If you're looking for wooden bedding, avoid softwood, _especially cedar & pine shavings_. Shoot for aspen, either shredded or shavings. I personally use brown paper crinkles (a relative of mine gets giant boxes of them b/c he works in shipping!) but newspaper is okay too, as long as you make sure the ink is soy-based, a type which is on the rise in America. If you DO use newspaper, your rats will get dirty and inky and need to be washed more frequently, but an occasional rinse will usually do the trick.  If you're using crinkles or branded paper products, make sure they don't have any dust on them.
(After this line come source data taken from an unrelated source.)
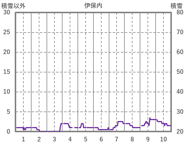 | 日 | 時 | 気温 | 降水 | 風向/風速 | 日照 | 積雪 | 降雪 |
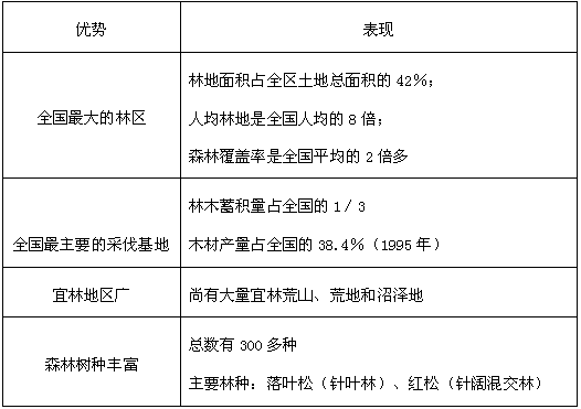 (3)森林资源优势
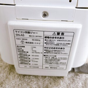 ニトリの人気炊飯器「マイコン炊飯ジャー SN-A5」を出張買取させていただきました。シンプルで扱いやすく、コストパフォーマンスに優れた商品で、特に一人暮らしの方から根強い支持を集めているモデルです。以下、査定時の詳細についてご紹介いたします。

Bedding is a very important part of a rat's cage & daily life and should not be a topic that's taken lightly.


----------



## FallDeere (Sep 29, 2011)

MomToRats said:


> I use Kaytee Clean and Cozy It's not real cheap but It's great and don't hold any dust , In my book It's the best


^ Ditto. It's a great bedding.


----------



## Fraido (Oct 1, 2014)

A lot of people diss pine, but there are so many successful rat keepers who use it. I'm currently using aspen, which is odourless, and I'm thinking of switching to kiln dried pine. The fact that pine does have a smell kind of masks the little odour of the rats, and I like that, because my family doesn't like rats. Whether or not pine causes any issues with your rats, will definitely depend how sensitive your rats' noses are. Mine have no issues with stronger smells like perfume and candles.
Definitely no cedar though.


----------



## lost_whisper (Nov 11, 2014)

Fraido said:


> A lot of people diss pine, but there are so many successful rat keepers who use it. I'm currently using aspen, which is odourless, and I'm thinking of switching to kiln dried pine. The fact that pine does have a smell kind of masks the little odour of the rats, and I like that, because my family doesn't like rats. Whether or not pine causes any issues with your rats, will definitely depend how sensitive your rats' noses are. Mine have no issues with stronger smells like perfume and candles.
> Definitely no cedar though.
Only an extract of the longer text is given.